- [What is being asked]
Your output should consist of the lines from the first line of the records below through the one with "Zestaw składa się", exactly, minus the pictures.

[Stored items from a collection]

▬▬▬▬▬▬▬▬▬▬

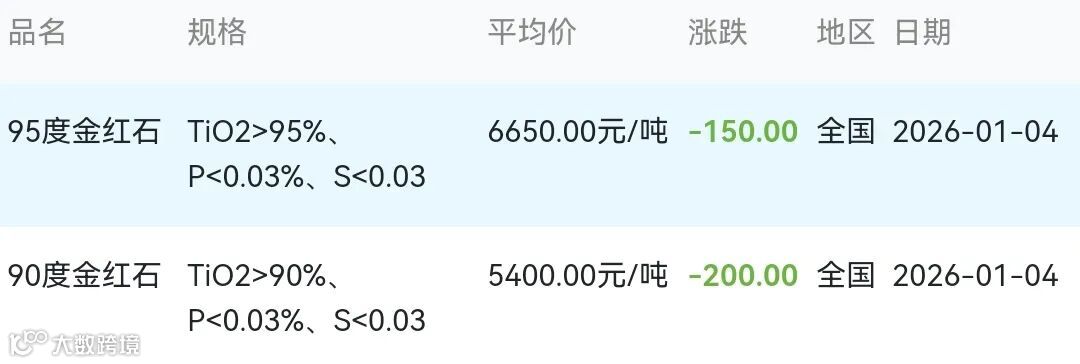 2026年01月04日金红石材料市场参考价:
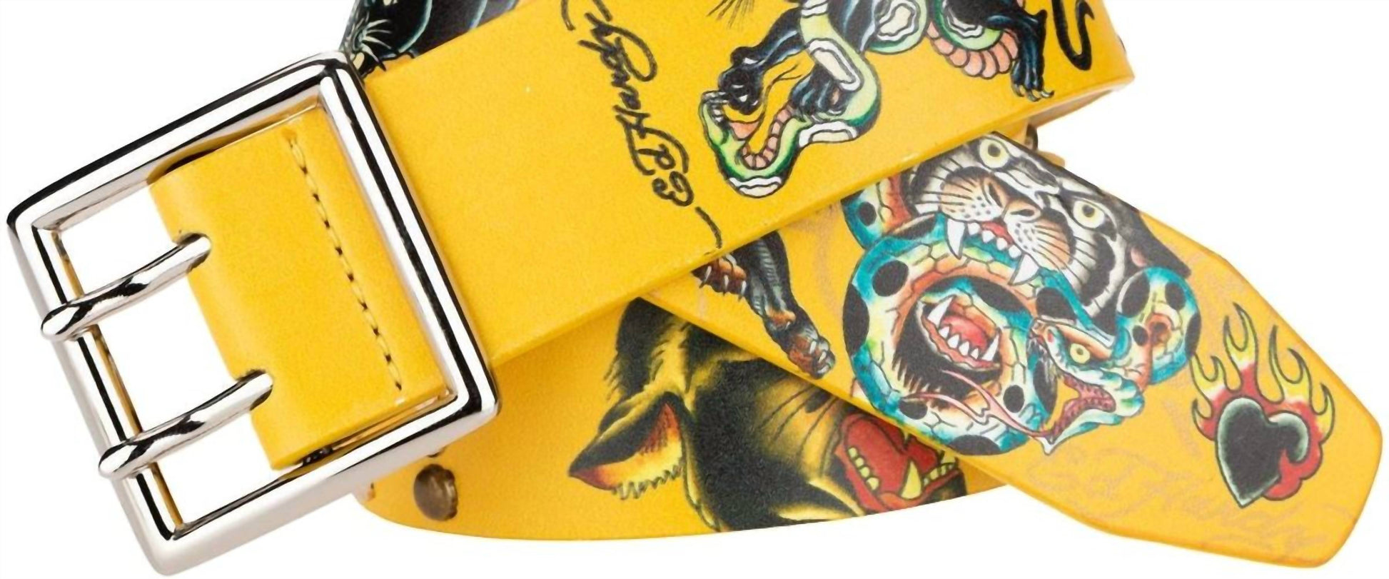 Complete your streetwear ensemble with the Men's Panther Snake Belt by Ed Hardy. This yellow belt showcases distinctive printed graphics and is adorned with studs for a bold statement. It features a sturdy metal buckle for easy adjustment. Embrace the iconic Ed Hardy brand with this stylish accessory, effortlessly tying your look together.
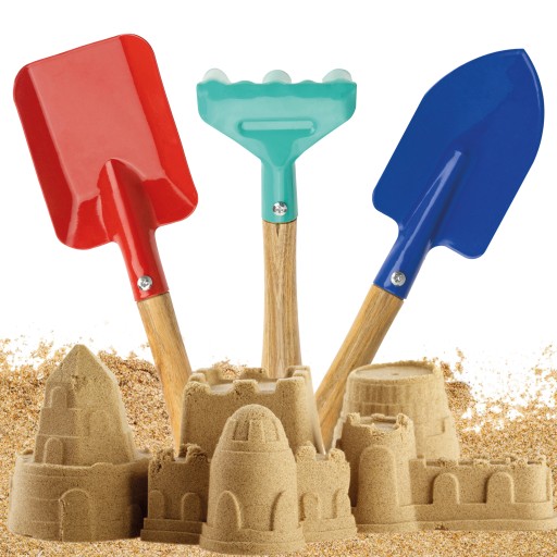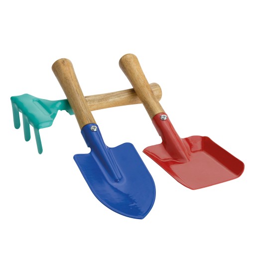 Zestaw składa się z trzech elementów – szpadla, łopaty i grabek, wykonanych z solidnego metalu, który zapewnia trwałość i wytrzymałość narzędzi. Dzięki ergonomicznym drewnianym rączką narzędzia są wygodne i łatwe do trzymania przez dzieci.
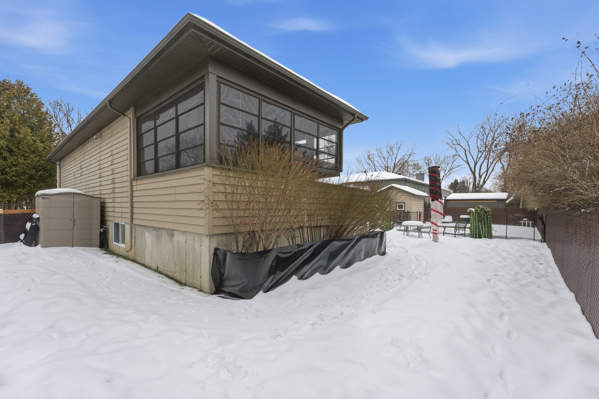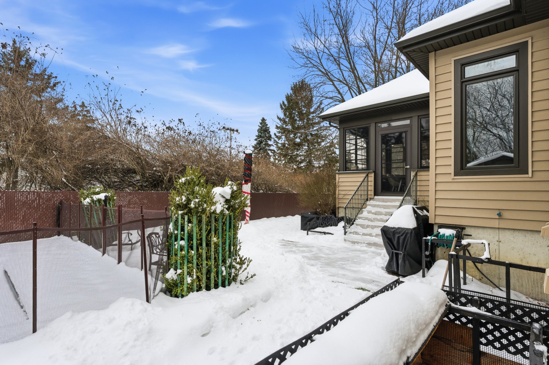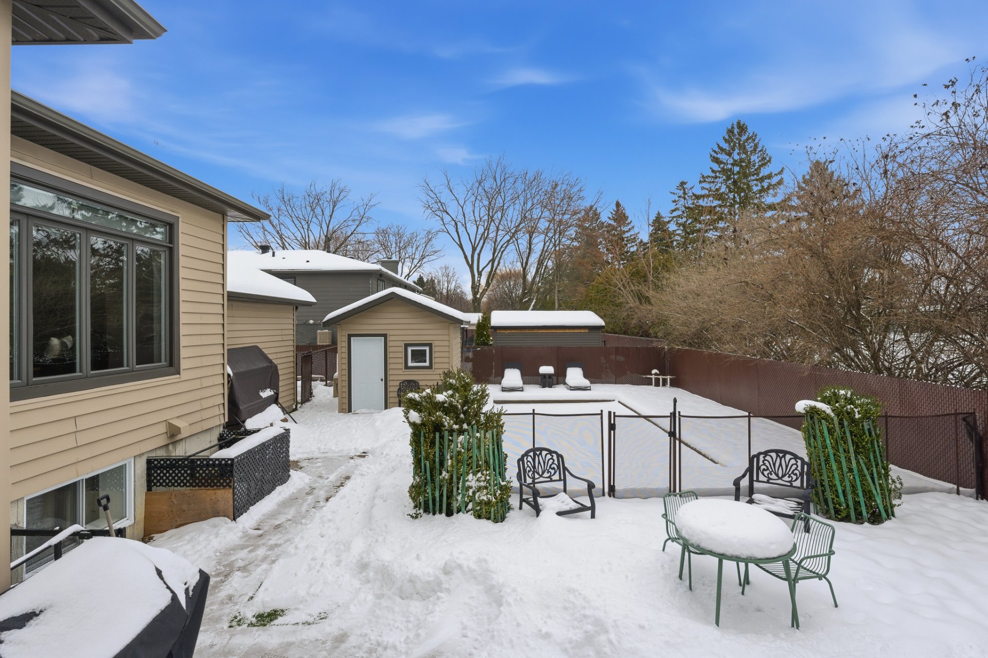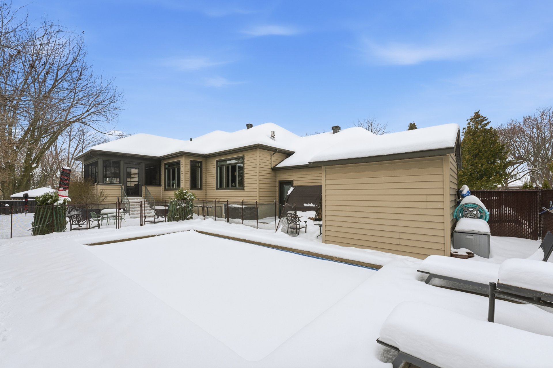 À l'extérieur, la cour arrière est un véritable havre privé. La piscine creusée constitue le centre de l'espace extérieur, entourée de zones détente idéales pour recevoir famille et amis. L'absence totale de voisin arrière accentue la tranquillité et le caractère exclusif de la propriété.
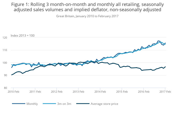 - Estimates of the quantity bought in retail sales increased by 3.7% compared with February 2016 and increased by 1.4% compared with January 2017; this monthly growth is seen across all store types.
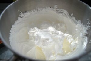 Die Eier trennen und das Eiweiß mit dem Salz und dem Zitronensaft mit dem Mixer aufschlagen. Den Zucker ganz langsam dazugeben und immer weiter schlagen, bis das Eiweiß fest und glänzend ist.
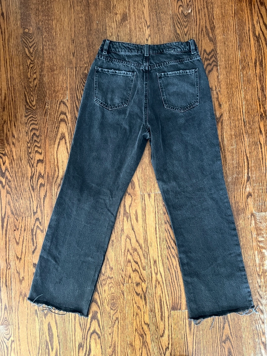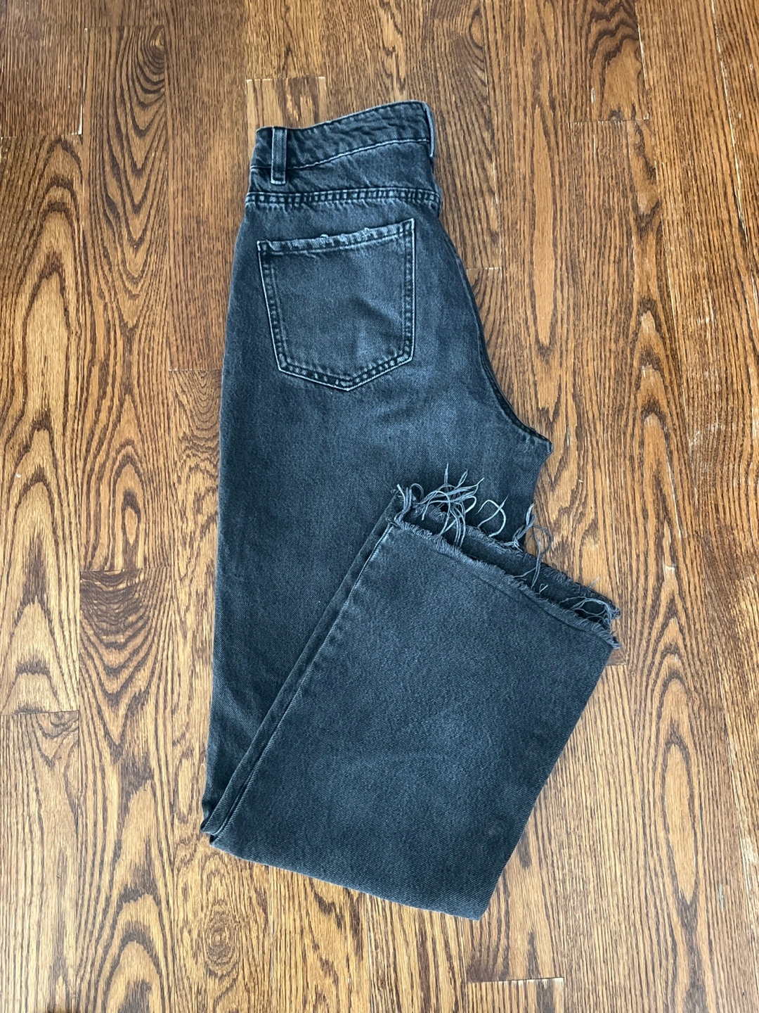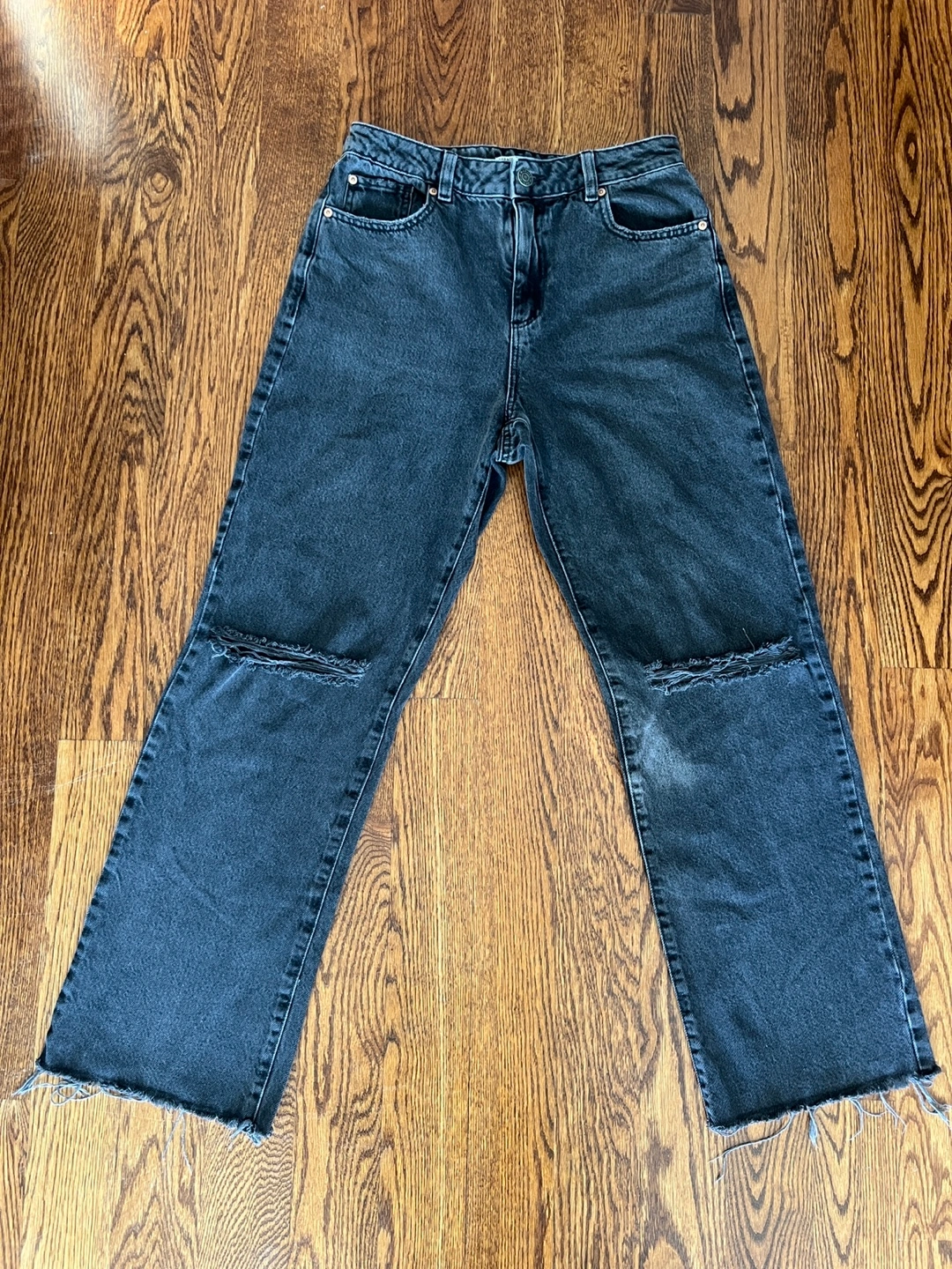 Dark distressed wash, straight leg jeans. Raw hem. Size 28.
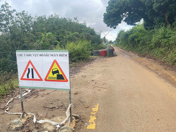 Cơ quan chức năng cắm biển cảnh báo tại vị trí đường bị sụt lún.
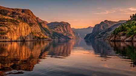 Majestic scene of serene mountains at sunset, with reflections shimmering in calm waters, showcasing the beauty of nature in a tranquil fiord setting. Perfect for travel.
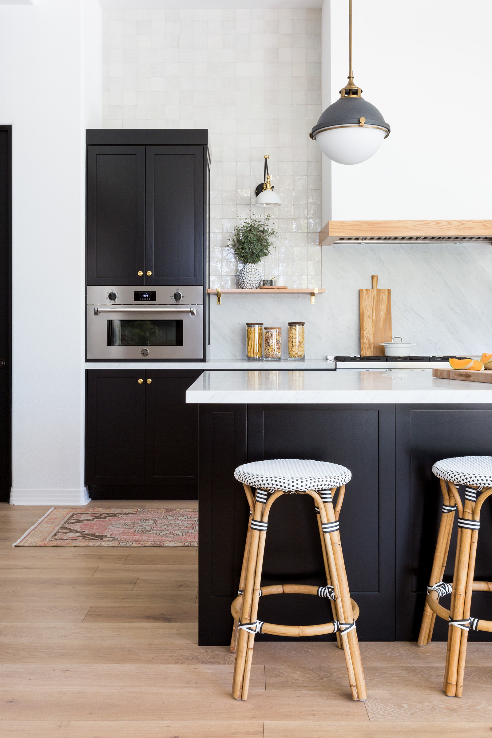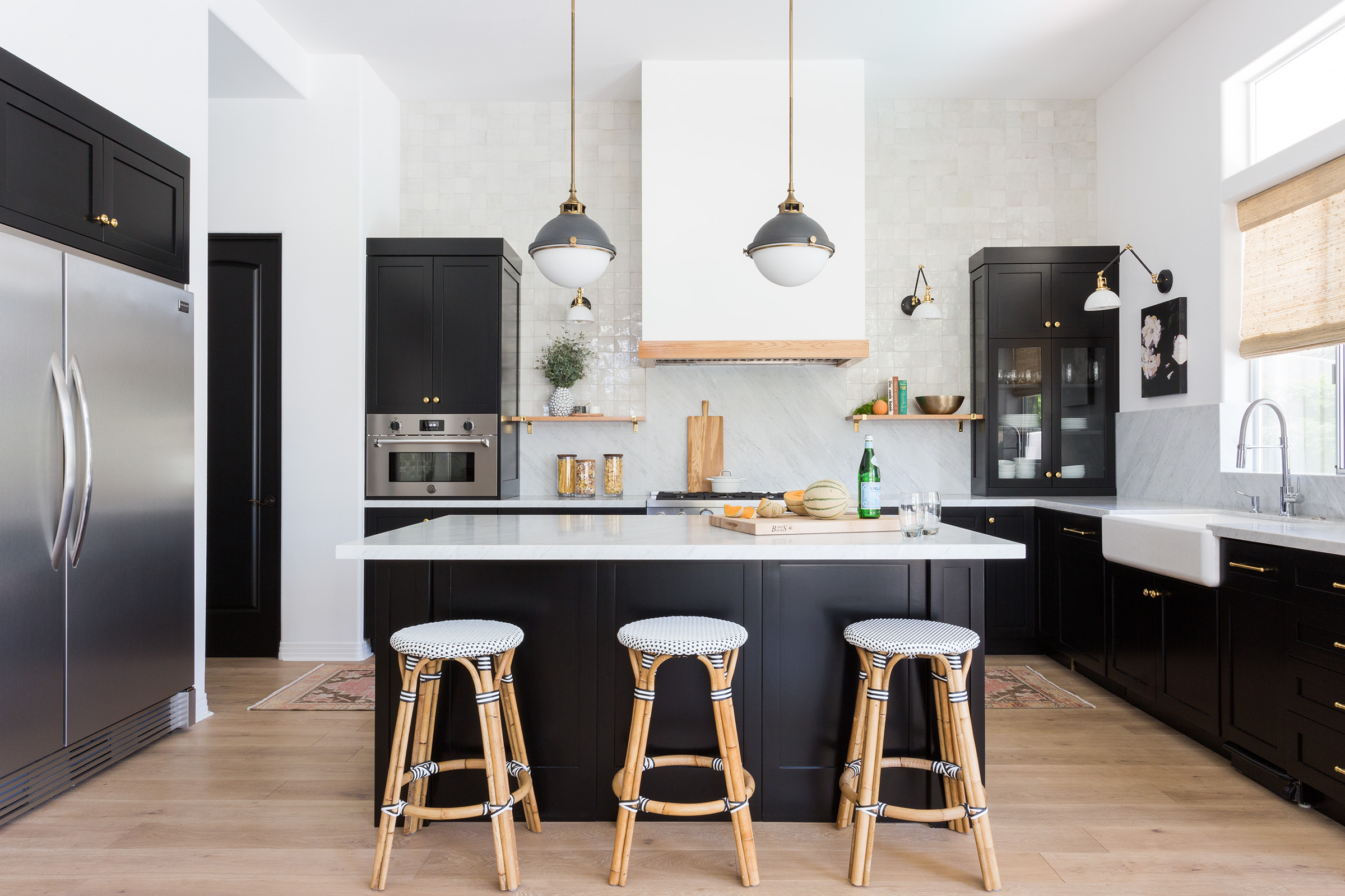 To unite their aesthetics, she went with a contemporary-classic look. She suggested matte black cabinetry with gold pulls, which her parents were into from the get-go, and glazed white zellige tiles, which took a bit more convincing. Nice appliances were a must. “It’s always been my dad’s dream to have a side-by-side full refrigerator and freezer,” says Kurtz. Ultimately, her parents were game for anything she recommended, and they spent those two weeks working together—her dad was the contractor.
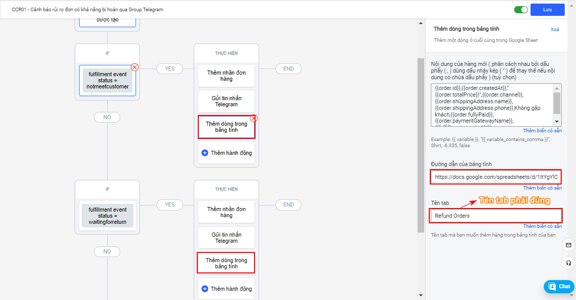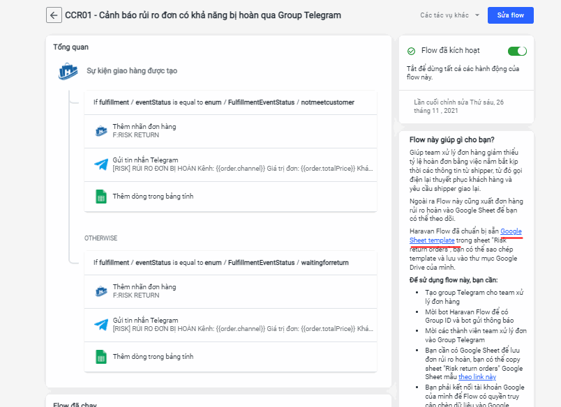 Haravan Flow CDV04 - Tổng hợp vào Google Sheet các đơn bị hủy để phân loại và báo cáo.
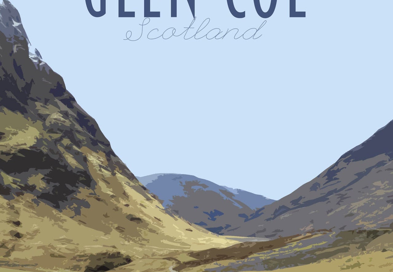 Glen Coe Travel Poster. Retro style travel print of Glen Coe in the Scottish Highlands.
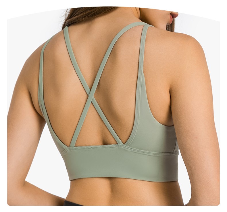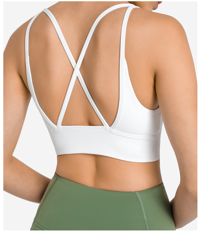 Womens sports bras V neck criss cross strappy gym fitness yoga workout running bra

▬▬▬▬▬▬▬▬▬▬

- [Written answer]
 2026年01月04日金红石材料市场参考价:
 Complete your streetwear ensemble with the Men's Panther Snake Belt by Ed Hardy. This yellow belt showcases distinctive printed graphics and is adorned with studs for a bold statement. It features a sturdy metal buckle for easy adjustment. Embrace the iconic Ed Hardy brand with this stylish accessory, effortlessly tying your look together.
 Zestaw składa się z trzech elementów – szpadla, łopaty i grabek, wykonanych z solidnego metalu, który zapewnia trwałość i wytrzymałość narzędzi. Dzięki ergonomicznym drewnianym rączką narzędzia są wygodne i łatwe do trzymania przez dzieci.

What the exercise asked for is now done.